Gov’t steps up measures to protect women against violence

Gov’t steps up measures to protect women against violence

ANKARA
Gov’t steps up measures to protect women against violence

Officials are putting final touches on a draft bill that seeks harsher punishments for those who commit violence against women in Turkey, where incidents of femicides and other acts of violence against women have often made headlines for years.

The Draft Law on Violence Against Women and Amendments Envisioned to be Made within the Scope of Combating Violence in Health, jointly prepared by the ruling Justice and Development Party (AKP) and Nationalist Movement Party (MHP), was submitted to the Turkish Parliament.

According to the draft bill, perpetrators will not be able to benefit from a reduction in sentence due to what is known as good conduct time, and this will apply not only to perpetrators of violence against women but also to those committing other crimes.

Under the new draft, the sentence for voluntary manslaughter will be increased from life imprisonment to aggravated life imprisonment, while the minimum sentence for intentional injury offense will be increased from four to six months.

The draft also aims to increase the lower limit of the sentence for intentionally injuring a woman from four months to six months in prison and the lower limit for the crime of threatening from six months to nine months.

While the three-year lower limit for the crime of torture against women was revised to five years in prison, stalking will be considered, for the first time, an offense. The new draft also foresees violence against healthcare workers to be classified as a catalog crime.

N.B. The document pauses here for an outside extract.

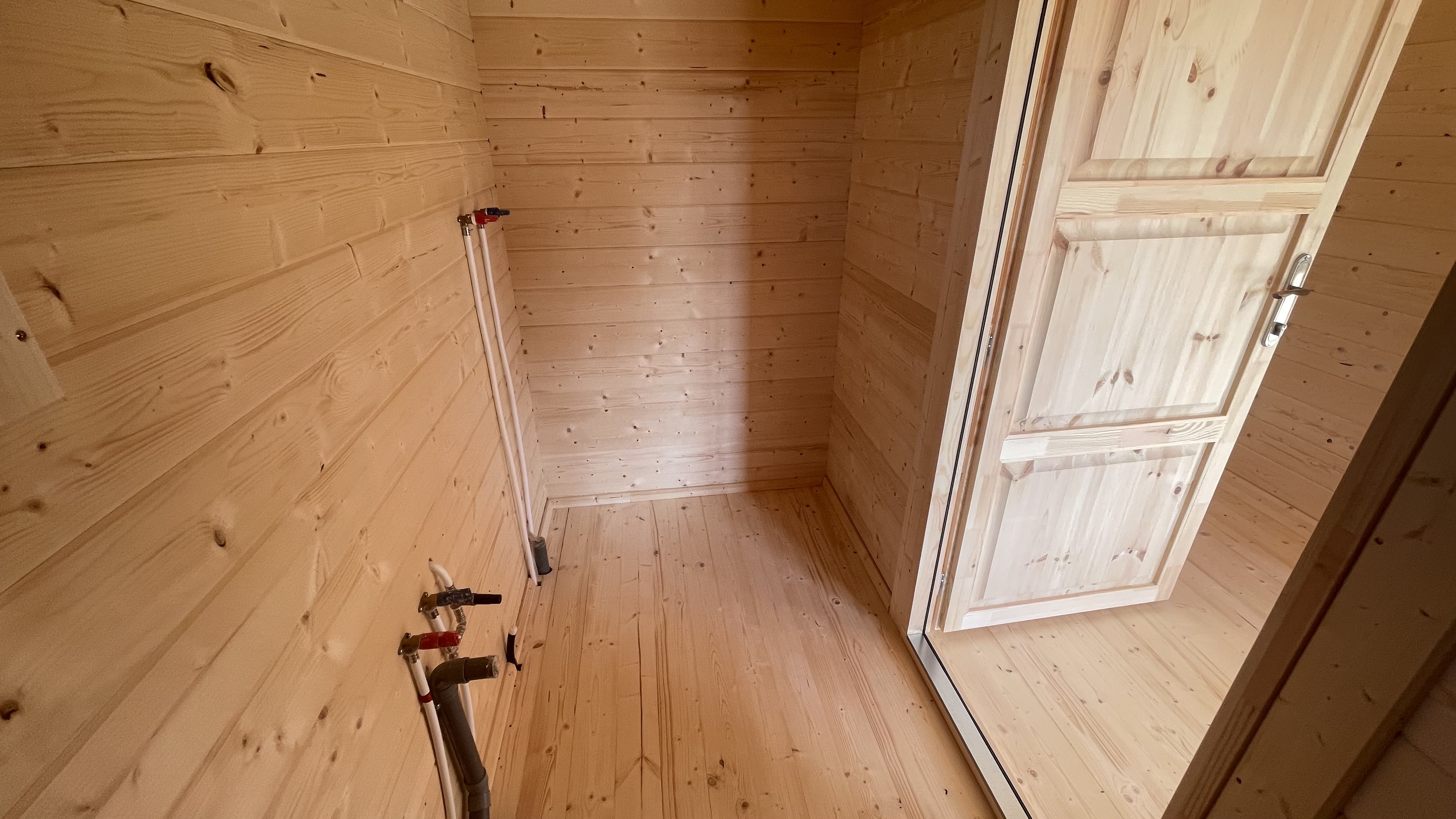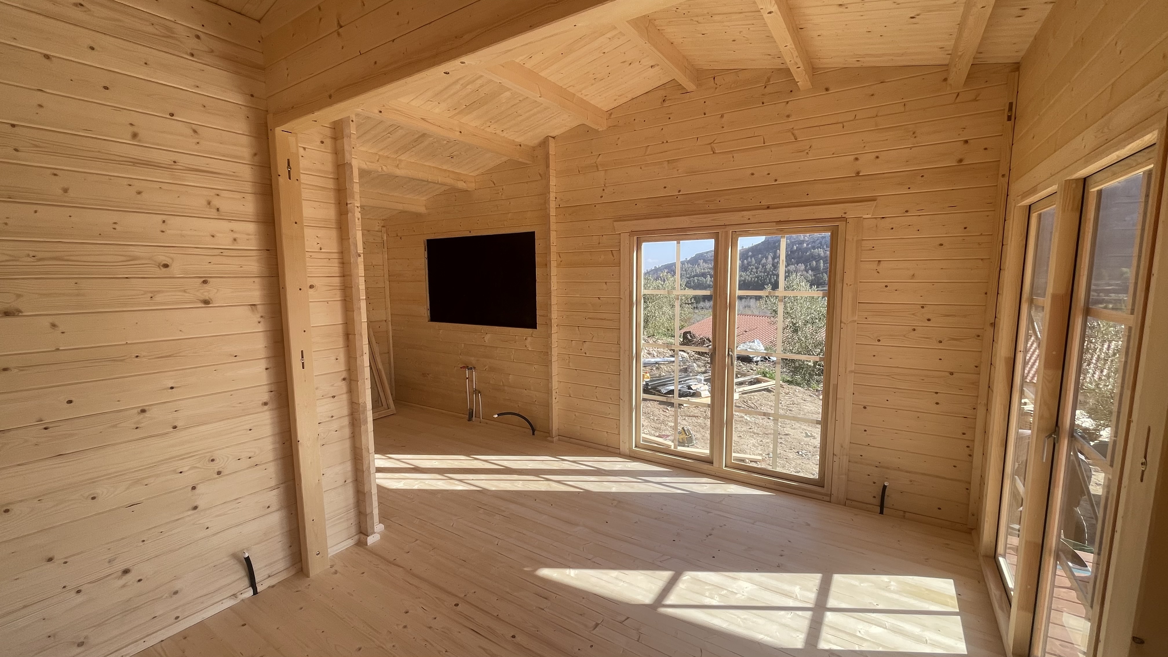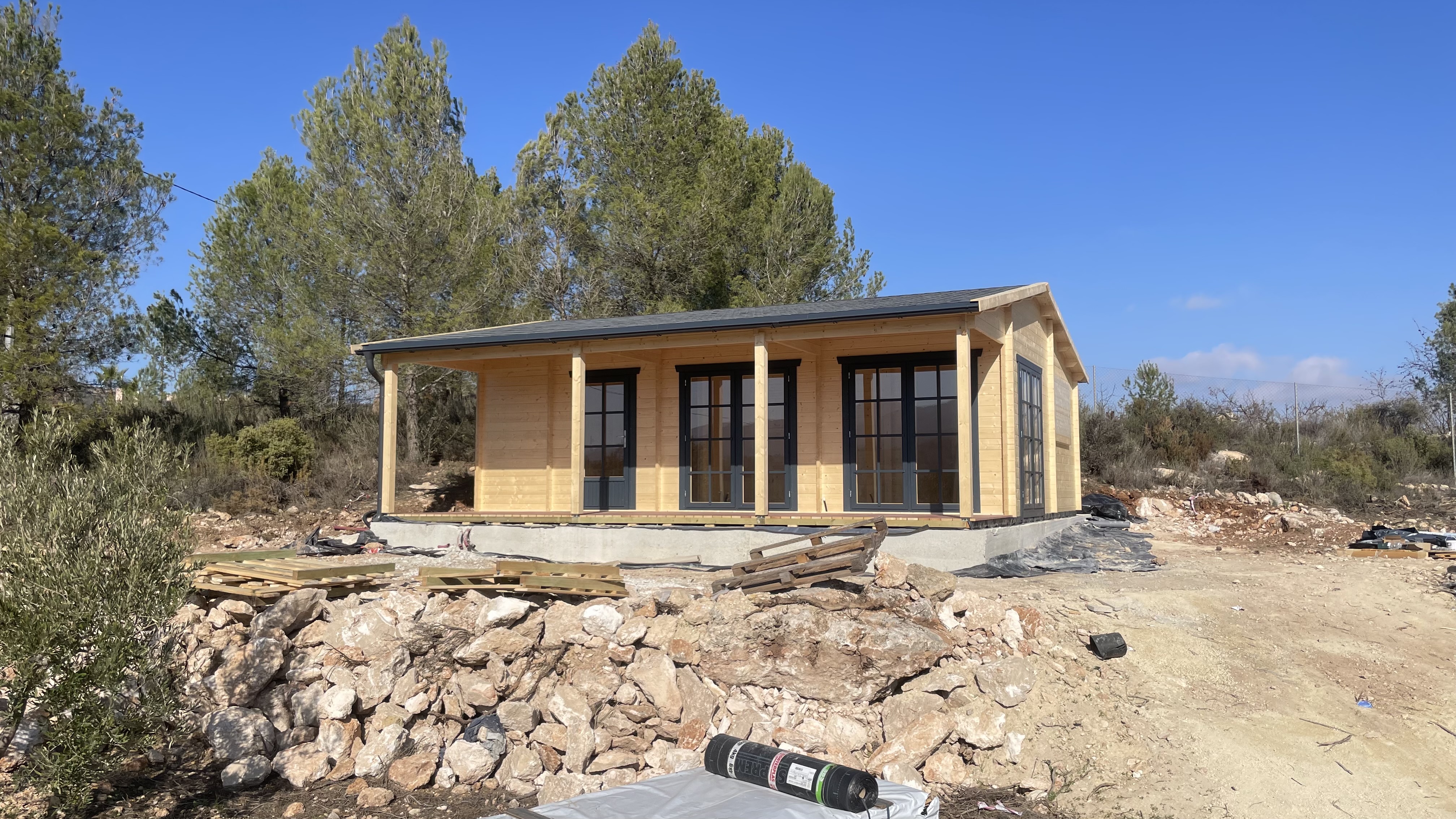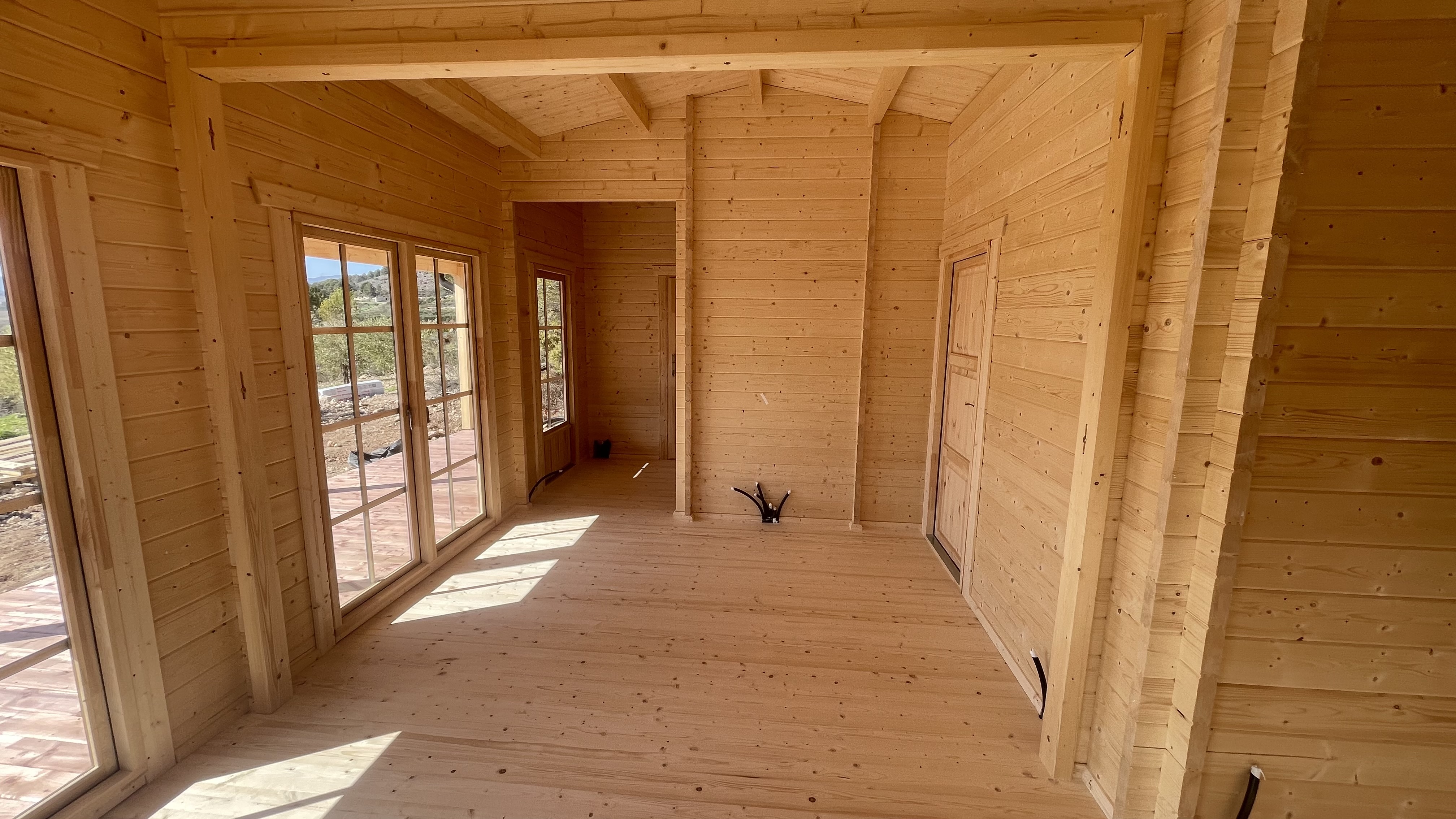 Miguel Angel DUERO 44 es una casa de madera moderna con terraza, que combina estética y funcionalidad. La estructura principal mide 8×6 m y cuenta con una terraza de 2×8 m ya instalada. Está construida con madera laminada perfilada de 44 mm, sin aislamiento en las paredes, con techo cubierto de tejas bituminosas y suelo aislado con lana mineral de 5 cm. El diseño interior incluye dos dormitorios, una sala de estar con cocina y un baño. Gracias a la distribución estratégica de las ventanas, el interior recibe mucha luz natural. La terraza amplia es perfecta para relajarse al aire libre.

Meanwhile, the Interior Minister Süleyman Soylu explained the measures taken by his ministry and law enforcement officers within the framework of combating violence against women to members of the Parliamentary Commission on the Investigation of Violence Against Women.

Soylu said that violence against women is a subject that is fed by different dynamics, has its own characteristics, has a more complex structure than other public order incidents and needs more expertise, stressing that there can be no justification for violence against women.

The minister also announced the latest statistics on KADES, an emergency support application for women which directs security units to the place of violence in just minutes upon notification, which became operational in this context in 2018.

Noting that the application has been downloaded by nearly 3.4 million women, he stated that all 337,355 notifications made through the application have been reached immediately, and 189,437 incidents, which are non-false notifications, were immediately intervened.

The minister also emphasized that a center was established that can monitor 1,000 electronic cuffs at the same time, and a total of 1,384 cases have been followed up from this center so far.